● **TASK DESCRIPTION**:
Print the listing below exactly, images excluded.

● **SOURCE DATA**:
################

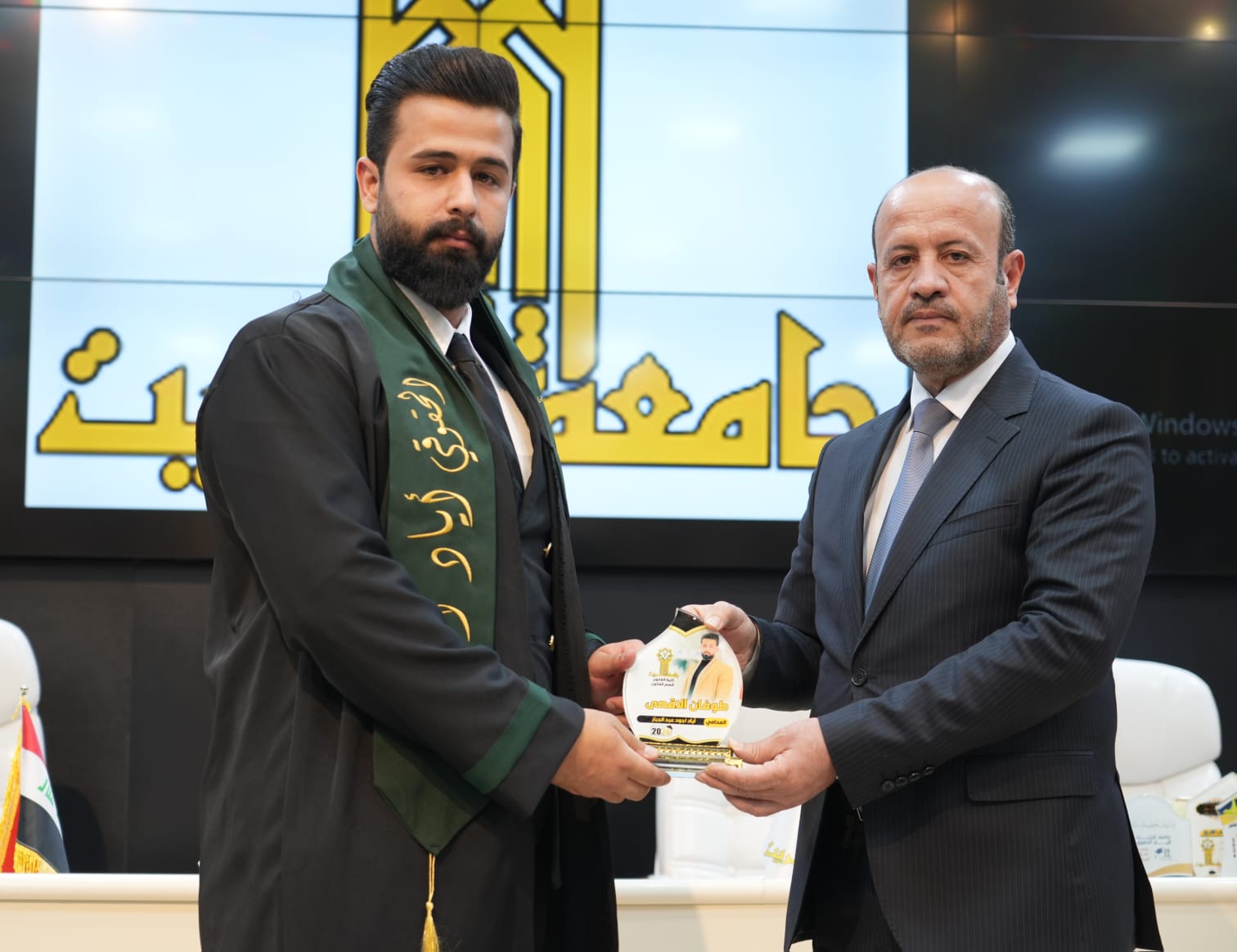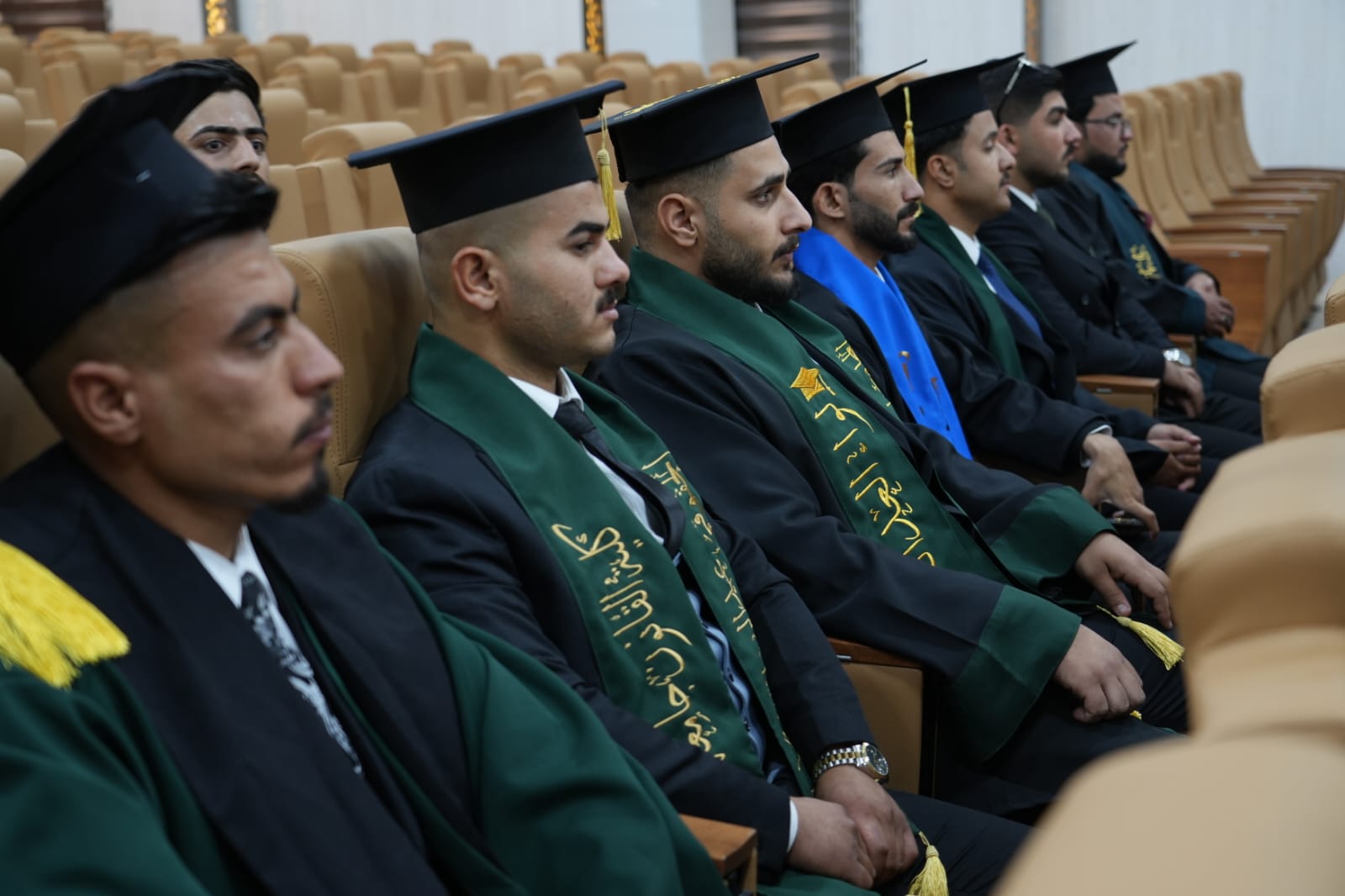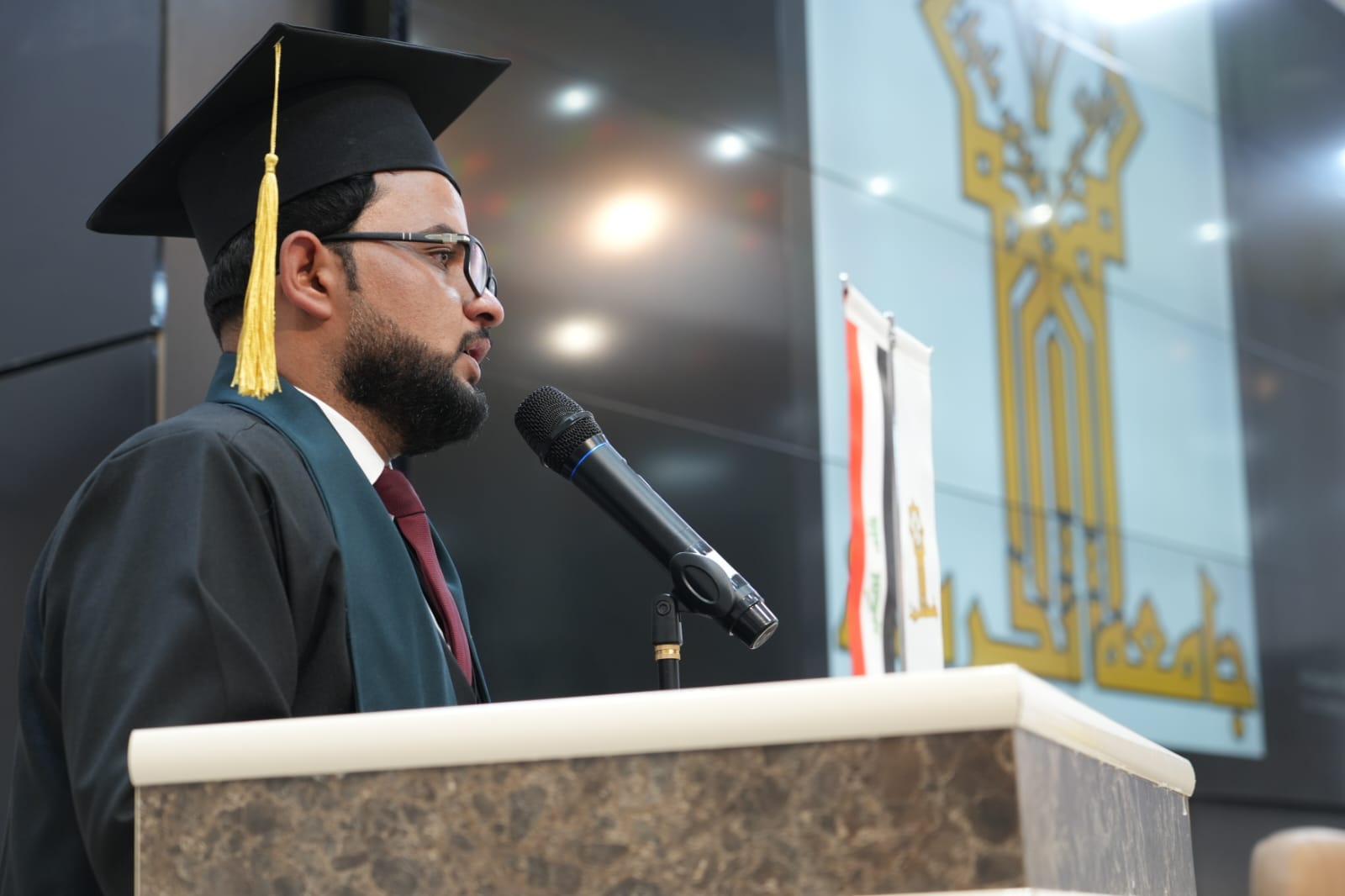 ثم القى ممثل الطلبة كلمة الطلبة الخريجيين والتي اثنى فيها على جهود الكلية والجامعة والاساتذة وماقدموه من الدعم الكامل والذي بدوره أدى الى خلق جيل مثقف وقادرٍ على حمل الرسالة وتحقيق غايتها في خدمة المجتمع.
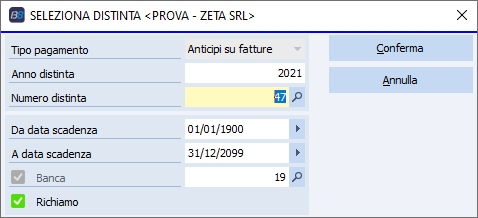 Le scadenze richiamate saranno escluse dalla generazione di una Nuova distinta conto anticipi.
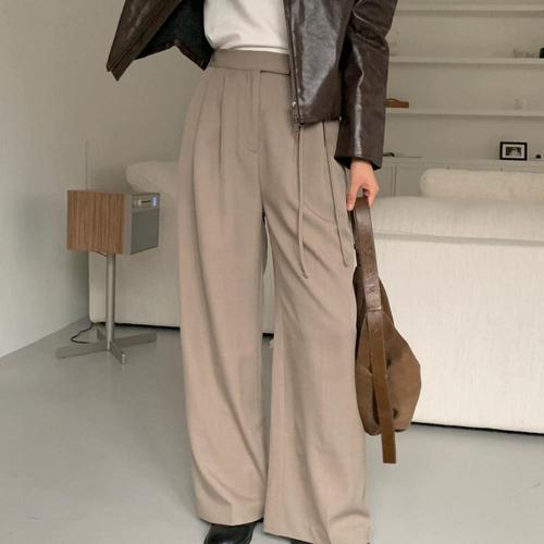 [옷자락]여자 가을 하객룩 리본스트링 투핀턱 와이드 슬랙스
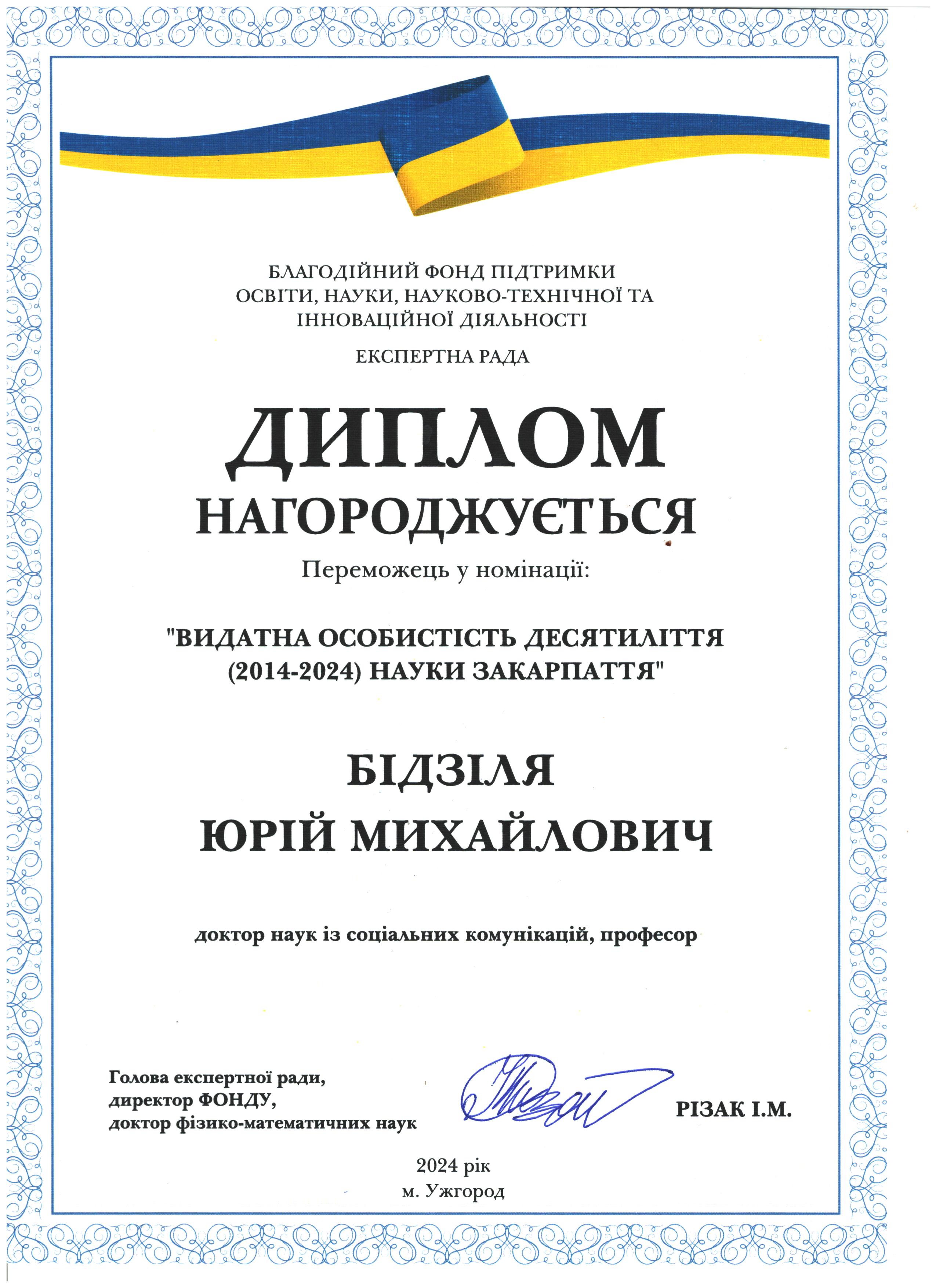 Вітаємо Юрія Михайловича Бідзілю з Перемогою у номінації "Видатна особистість десятиліття (2014-2015) науки Закарпаття!

################

● **RESULT OF THE EXERCISE**:
 ثم القى ممثل الطلبة كلمة الطلبة الخريجيين والتي اثنى فيها على جهود الكلية والجامعة والاساتذة وماقدموه من الدعم الكامل والذي بدوره أدى الى خلق جيل مثقف وقادرٍ على حمل الرسالة وتحقيق غايتها في خدمة المجتمع.
 Le scadenze richiamate saranno escluse dalla generazione di una Nuova distinta conto anticipi.
 [옷자락]여자 가을 하객룩 리본스트링 투핀턱 와이드 슬랙스
 Вітаємо Юрія Михайловича Бідзілю з Перемогою у номінації "Видатна особистість десятиліття (2014-2015) науки Закарпаття!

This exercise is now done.